Même s’il n’est pas technicien, Maurice Page a tout de même dû superviser les commandes de matériel, la réception et le montage des installations de la radio «Duji lokar», qui n’était qu’un projet à son arrivée à Moundou. Il s’est occupé de la gestion quotidienne de la radio, de la formation des journalistes qui avaient déjà les notions de base du métier. Ils avaient fait des stages à l’antenne régionale de la Radio nationale tchadienne ou à la Radio rurale. Le rédacteur en chef possède par contre une licence en communication de l’Université de N’Djaména. La radio «Duji lokar» fait partie intégrante du Bureau d’Etudes et de Liaison d’Action Caritative et de Développement (BELACD), la Caritas du diocèse.

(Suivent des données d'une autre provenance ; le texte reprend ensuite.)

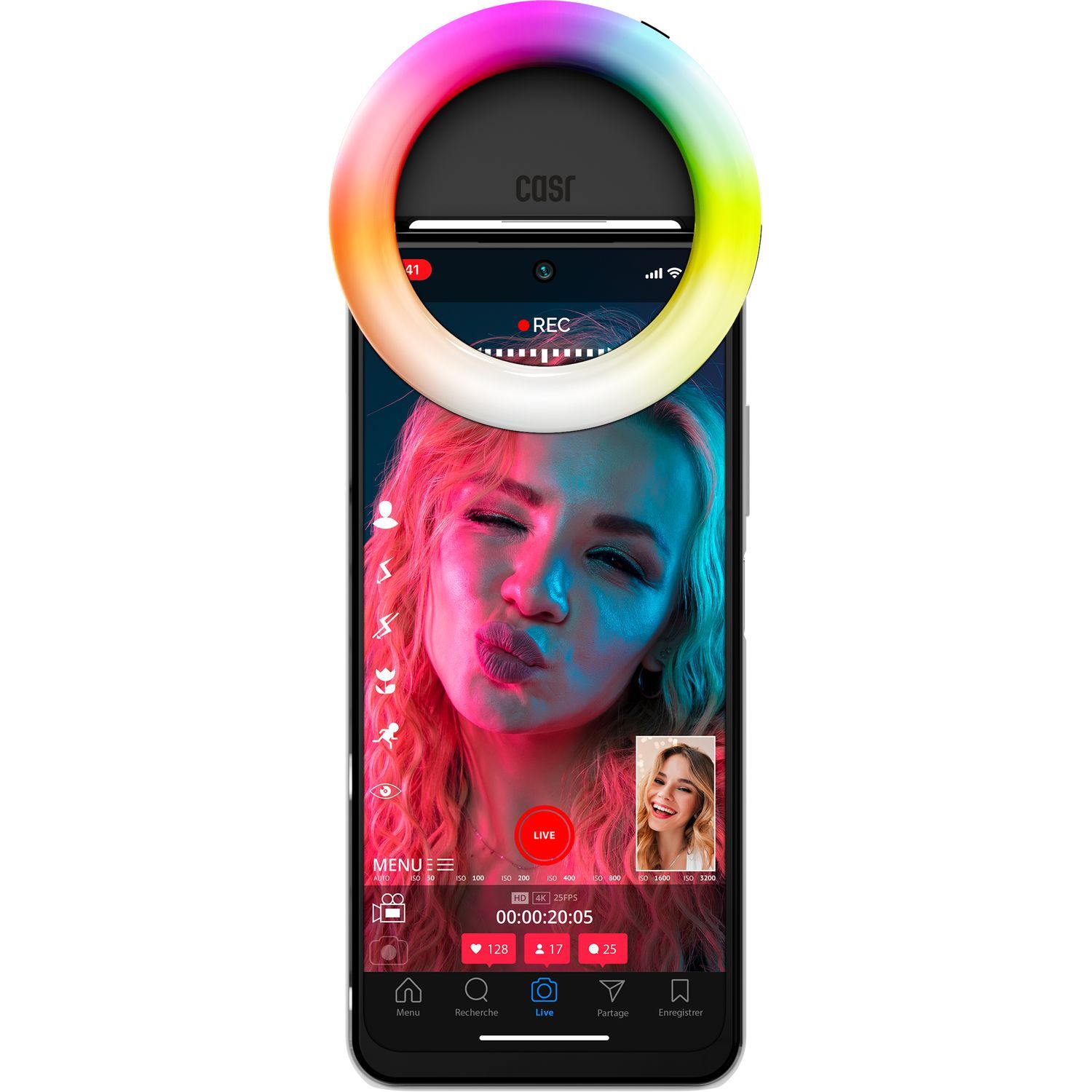 Clip universel Led Blanches et Colorés - Support smartphone pliable - Rechargeable USB - 36 LED - Capacité batterie 60 mAh - Ambiances colorées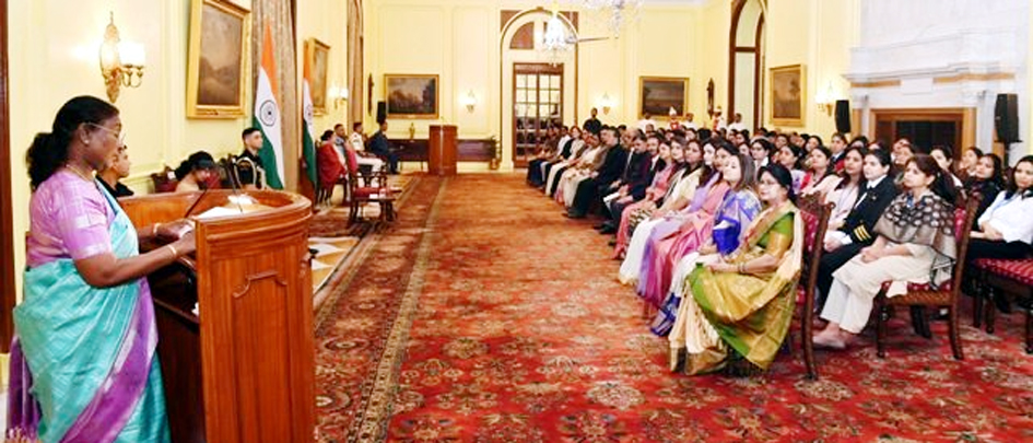 نئی دلی۔ 4؍نومبر۔ایم این این۔صدرجمہوریہ ہند محترمہ دروپدی مرمو نے آج راشٹرپتی بھون میں ہندوستانی ہوا بازی کے شعبے میں کامیابی حاصل کرنے والی خواتین کے ایک گروپ کے ساتھ بات چیت کی۔ یہ میٹنگ ’’عوام کے ساتھ صدر‘‘کے اقدام کے تحت ہوئی جس کا مقصد لوگوں کے ساتھ گہرا تعلق قائم کرنا اور ان کی کار کردگی کا اعتراف کرنا ہے۔اس موقع پر خطاب کرتے ہوئے صدر جمہوریہ نے کہا کہ خواتین ہندوستان کے شہری ہوا بازی کے شعبے میں مختلف آپریشنل اور تکنیکی شعبوں میں کلیدی کردار ادا کر رہی ہیں۔ انہوں نے نوٹ کیا کہ 15 فیصد ایئر ٹریفک کنٹرولرز خواتین ہیں، 11 فیصد فلائٹ ڈسپیچر خواتین ہیں، اور 9 فیصد ایرو اسپیس انجینئرز خواتین ہیں۔ انہوں نے یہ بھی بتایا کہ گزشتہ سال کمرشل لائسنس حاصل کرنے والے پائلٹس میں سے 18 فیصد خواتین تھیں۔ انہوں نے کامیابی حاصل کرنے والی تمام خواتین کی ستائش کی جو اختراعی انداز میں سوچتی ہیں اور نئے راستوں پر چلنے کا حوصلہ رکھتی ہیں۔صدر جمہوریہ نے کہا کہ حکومت ہند کی جامع کوششوں سے شہری ہوا بازی کے شعبے میں خواتین کی ترقی کو فروغ ملا ہے۔ زیادہ سے زیادہ خواتین اب ہوا بازی کو اپنے کیریئر کے طور پر منتخب کر رہی ہیں۔ انہوں نے اس بات پر زور دیا کہ ہوا بازی کی صنعت میں خواتین کی شرکت بڑھانے کے ساتھ ساتھ اس شعبے میں آگے بڑھنے کے مساوی مواقع بھی ضروری ہیں۔صدر جمہوریہ نے کہا کہ تعلیم اور مناسب تربیت کے علاوہ خاندان کی کفالت بھی ضروری ہے۔ اکثر دیکھا گیا ہے کہ بہت سی خواتین اعلیٰ تعلیم حاصل کرنے کے بعد بھی خاندان کی طرف سے عدم تعاون کی وجہ سے اپنے خواب پورے نہیں کر پاتی ہیں۔ انہوں نے کامیابی حاصل کرنے والی خواتین پر زور دیا کہ وہ دوسری خواتین کے لیے رہنما بنیں اور انہیں اپنے کیریئر کا انتخاب کرنے اور اپنے خوابوں کو پورا کرنے کی ترغیب دیں۔

S’il n’apparaissait pas, en principe, sur les ondes des émissions en français et en ngambay, Maurice Page était toutefois responsable de deux petites émissions hebdomadaires: «Ils ont marché dans la lumière» (15 minutes sur la vie des saints), et «Religion hebdos», réalisée surtout grâce aux sources de l’Apic. Sa tâche essentielle concernait l’encadrement et la direction de la rédaction, la supervision de la technique et l’administration. Pour des raisons de pénurie d’énergie, «Duji lokar» – qui atteint également la brousse environnante sur une cinquantaine de kilomètres – ne fonctionne que l’après-midi de 16h à 20h45.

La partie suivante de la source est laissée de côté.